Muthuswamy Master thereafter blessed and guided his boy in music for over the decade that followed. The vital in-depth training Mohanraj received from his father was profound. Thus began the road to fame and success.


APSARAS, under the able guidance of Mohanraj, has made several musical tours to England and Western Europe, Singapore, and Norway, while Mohanraj has also toured South Africa, Doha in Qatar, and also made recent visits to the UK and to Sydney and Melbourne, Down Under.



Mohanraj has received the Mellisai Mannan award on the same occasion when his father Muthuswamy Master was awarded the Layagnaanavaarudhee by Regional Development Minister C Rajadurai on 03.01.87, the Isaignaana Ilavarasar award by the France Tamil Cultural Federation in Paris in 1991, and the In-Isai Elavaarsar award under the auspices of President JR Jayewardene on 30.12.90.


Mohanraj received the Isai Maamanie award for which the South India movie star 'Major' Sunderrarajan of the movie Major Chandrakanth fame arrived to make the presentation on behalf of the All Ceylon Sabarimalai Saastha Peedam sometime in 1993.


He also received a Kala-Jothi certificate with Ponnaadai (silk shawl) by the Tamil Saagithya Vizha (Festival) program from Hindu Cultural Affairs Minister PP Devaraj on 22.08.93, while in the same month Aacharya WD Amaradeva donned a silk shawl on him for his brilliant backing in a rendition of twelve Tamil folk songs sung by the eminent Visharadha Nanda Malini: the audio-cassette Kunkuma Pottu was released thereafter.


The International University of Martial Arts under the patronage of Prime Minister Sirimavo RD Bandaranaike, conferred an honorary doctorate on Mohanraj for his contribution to music on 30.04.97.


Mohanraj was also awarded the Sudhanthira Pon Vizha Isai Virundhu award from the Indian entertainer, Leoni, during Sri Lanka's golden jubilee independence celebrations on 08.02.98.

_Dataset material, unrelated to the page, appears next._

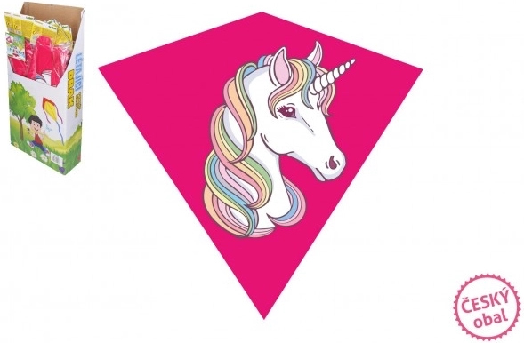Rosa fliegender Drache mit Einhorn-Motiv zieht bei jeder Gelegenheit am Himmel die Blicke auf sich. Ideal für verschiedene Drachenfeste und kindliche Fröhlichkeit.

He also received the Isai Gnaani award from deputy minister of Estate Housing P Chandrasekeran on 20.06.99. Mohanraj also received the Asia Isai Thalapadhi award at the Ameenkhan's Nite on 08.07.01 at the Tower Hall from former minister MH Mohamed, MP.



The audio-cassette Innisai Vaarpugal was released on Dheepavali Day 01.11.86 comprising of 10-Tamil songs with original melodies composed by Mohanraj, and recording was conducted under the supervision of that dynamic entertainer, BH Abdul Hameed, who served as recording engineer in this instance.

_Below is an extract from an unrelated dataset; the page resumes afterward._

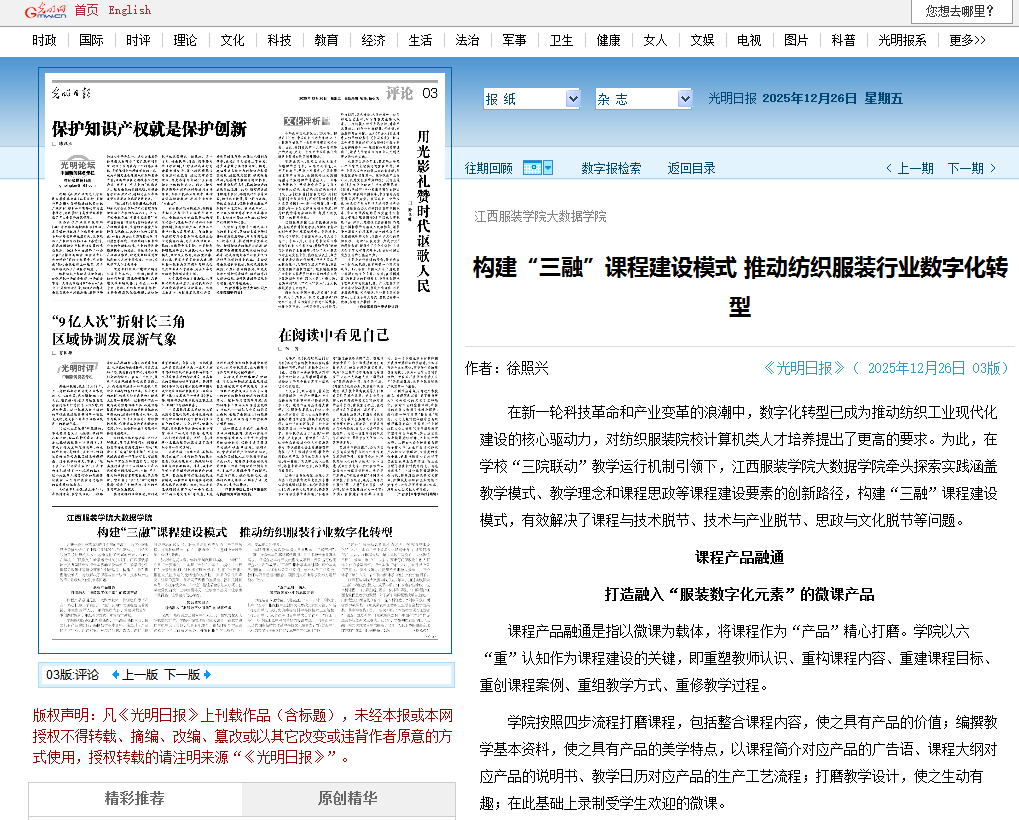 《光明日报》(2025年12月26日 第3版)刊登江西服装学院大数据学院徐照兴署名的文章《构建“三融”课程建设模式 推动纺织服装行业数字化转型》。文章指出,在新一轮科技革命和产业变革的浪潮中,数字化转型已成为推动纺织工业现代化建设的核心驱动力,对纺织服装院校计算机类人才培养提出了更高的要求。为此,在学校“三院联动”教学运行机制引领下,江西服装学院大数据学院牵头探索实践涵盖教学模式、教学理念和课程思政等课程建设要素的创新路径,构建“三融”课程建设模式,有效解决了课程与技术脱节、技术与产业脱节、思政与文化脱节等问题。

It was a time when Ayaz Zavahir, successor to Yaal Ramanan who later qualified as an attorney-at-law, was lead guitarist to the group, while jazz-drummer Neville Silva's son, Sarath, sat in for Benhur Fernando, on jazz-drums.

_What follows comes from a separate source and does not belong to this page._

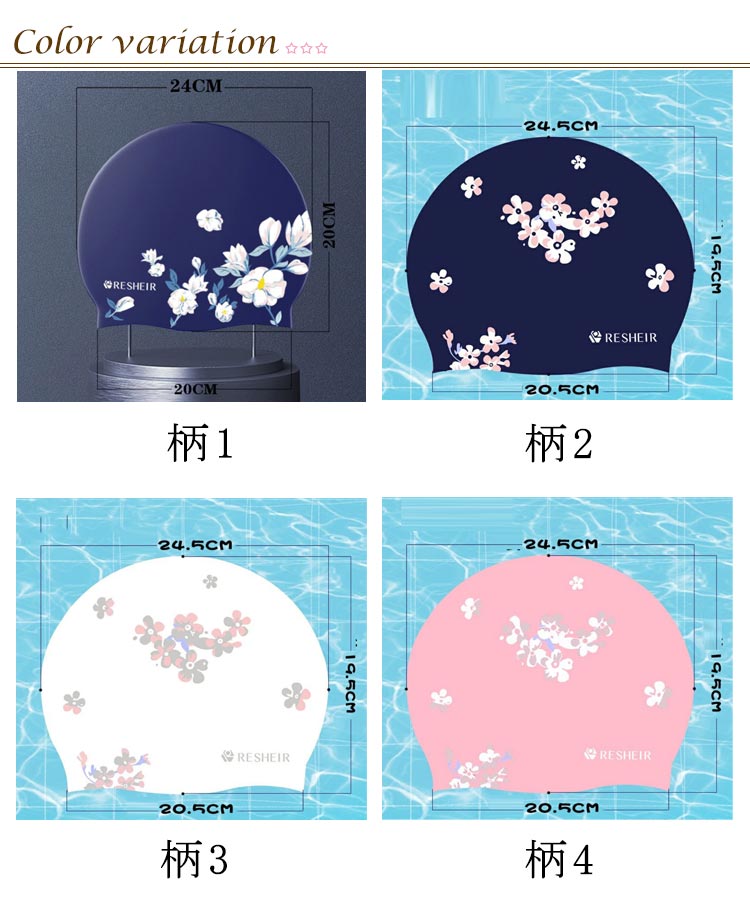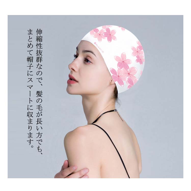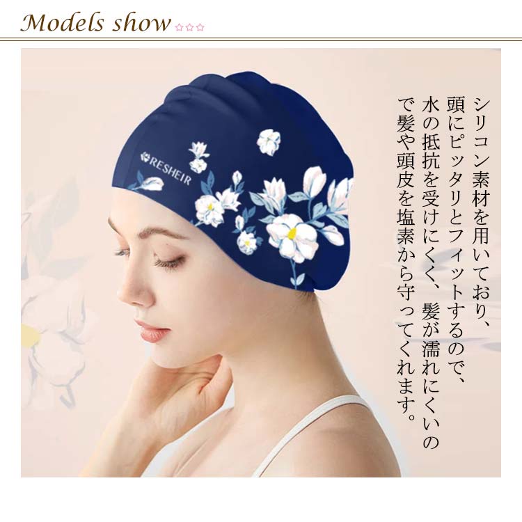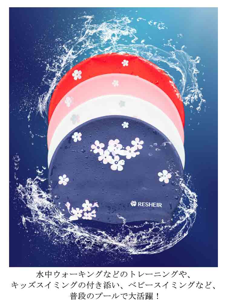 | 塩素から髪の毛を守るシリコンスイムキャップ 伸縮性抜群なので、髪の毛が長い方でも、まとめて帽子にスマートに収まります。 シリコン素材を用いており、頭にピッタリとフィットするので、水の抵抗を受けにくく、髪が濡れにくいので髪や頭皮を塩素から守ってくれます。 女性らしい美しい花柄を設計して、スイム時間を彩りします。 水中ウォーキングなどのトレーニングや、キッズスイミングの付き添い、ベビースイミングなど、普段のプールで大活躍! | |

April-97 saw the release of APSARAS's CD comprising of twelve top Tamil hit numbers titled Viludhu (Young Tastes) sponsored by the Viludhugal dance troupe in France to celebrate an annual event with famed South Indian vocalist, Mano, featuring two hits. Ananda Ramesh wrote the lyrics.

Ninaivugal comprising 15-Tamil hits, all new lyrics written by ex-SLBC lyricist Kaarmegam Nanda, now resident in Oslo, Norway, was released in early 2001.

The image of APSARAS and the high respect it commands over Sri Lankans all over the globe, and especially at home, has continued to flourish and grow with the passage of time.


This success is mainly due to its tunesmith and talented leader, Mohanraj, a literal prodigy behind his four-tiered keyboards, and his knack in contributing to the group as a vocalist.


Mohanraj's ability to render Sinhala, Tamil and Hindi numbers with ease springs from the vital advantage of having a parentage mix of Tamil in his famed father and Sinhala in his mother, Neeliya, who hails from a known Sinhala family connected to music in Kandy.


Mohanraj's erstwhile renditions of old-time Tamil songs brought him much deserved prominence and popularity amongst his Tamil fans at home and abroad.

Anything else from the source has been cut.